Je kan soms hongeren en dorsten naar gerechtigheid. En dan kan je soms uitgeput neerzijgen aan de kant van de weg en je door God en mens verlaten voelen. Het overkwam de profeet Elia. “Heer, laat mij sterven” was het enige dat in hem opkwam. Maar tussen God
en mens stond nog een wezen: de engel. En als je dus een atavistisch geloof in
engelen koestert, is het leven nog niet helemaal voorbij. Elia hoorde een engel zeggen:
“sta op en eet”, opende zijn ogen en vond een stuk brood en een kruik water.
Engelen waren eeuwenlang een tussenschakel tussen God en
mens. Ze vormden een hogere levensvorm boven mensen zoals mensen zich een hogere
levensvorm boven dieren beschouwen. Ze bewezen hun praktisch nut als
boodschappers en beschermers. Je had ook een persoonlijke engelbewaarder en die hield je dan op het rechte pad als je dat vandaag nog belangrijk vindt. Hun vleugels gaven hen vrijheid en macht. In
de kunst vond je ze terug in diverse vormen van kleine putti en amors tot grote
aartsengelen. Alleen hun geslacht vormde een voorwerp van discussie.
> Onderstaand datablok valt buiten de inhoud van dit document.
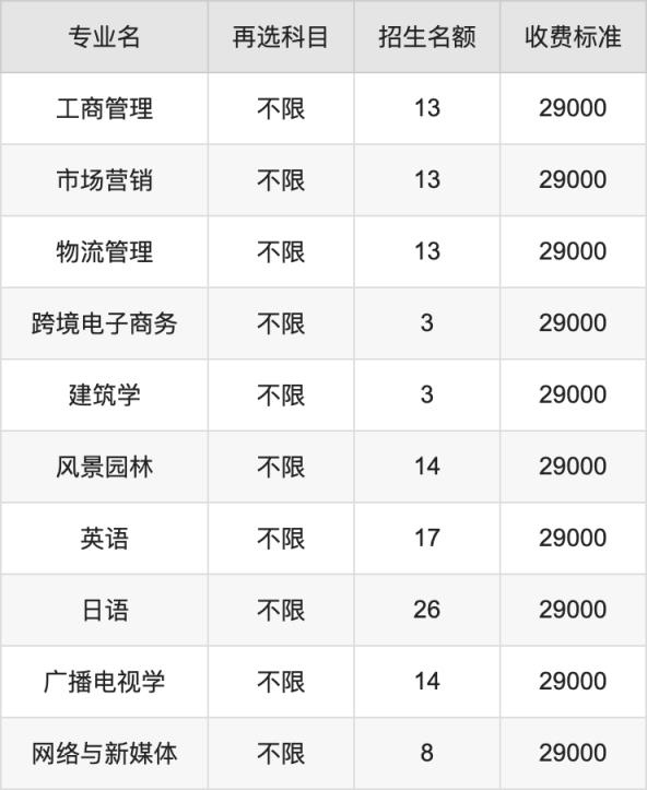 16.物流管理:学费是29000元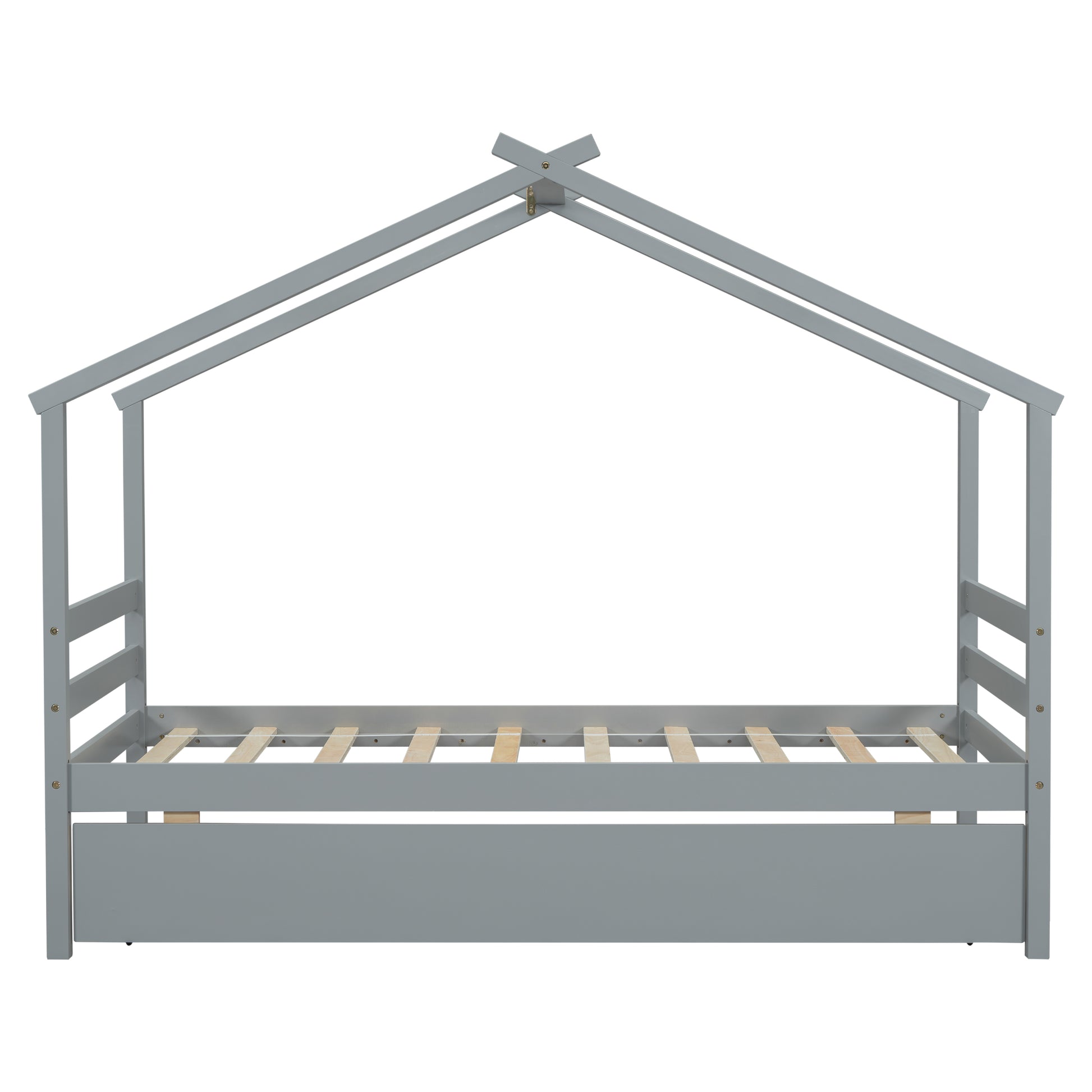 Twin Size House Shaped Bed With Trundle,Grey Twin Grey Wood Bedroom American Design Pine Bed Frame Pine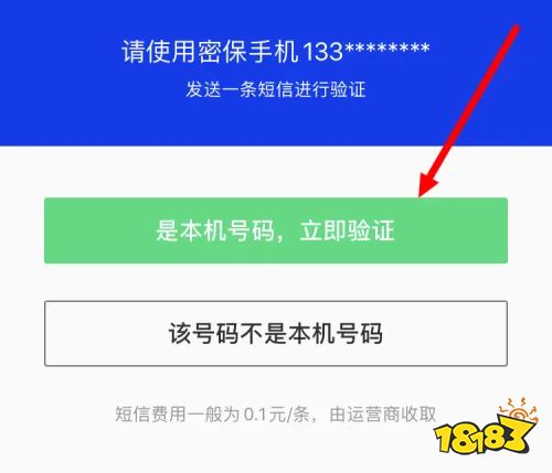 下面需要进行身份验证,点击【是本机号码,立即验证】。

Vandaag zijn de engelen uit het straatbeeld verdwenen. Ze
zijn verdwenen uit de kunst en zelfs uit ons taalgebruik. Ons economisch rationalisme
heeft ze van de kaart geveegd. Maar ik mis ze toch een beetje, vooral als
ik uitgeput ben als Elia. Maar soms herken ik er wel eentje in een medemens.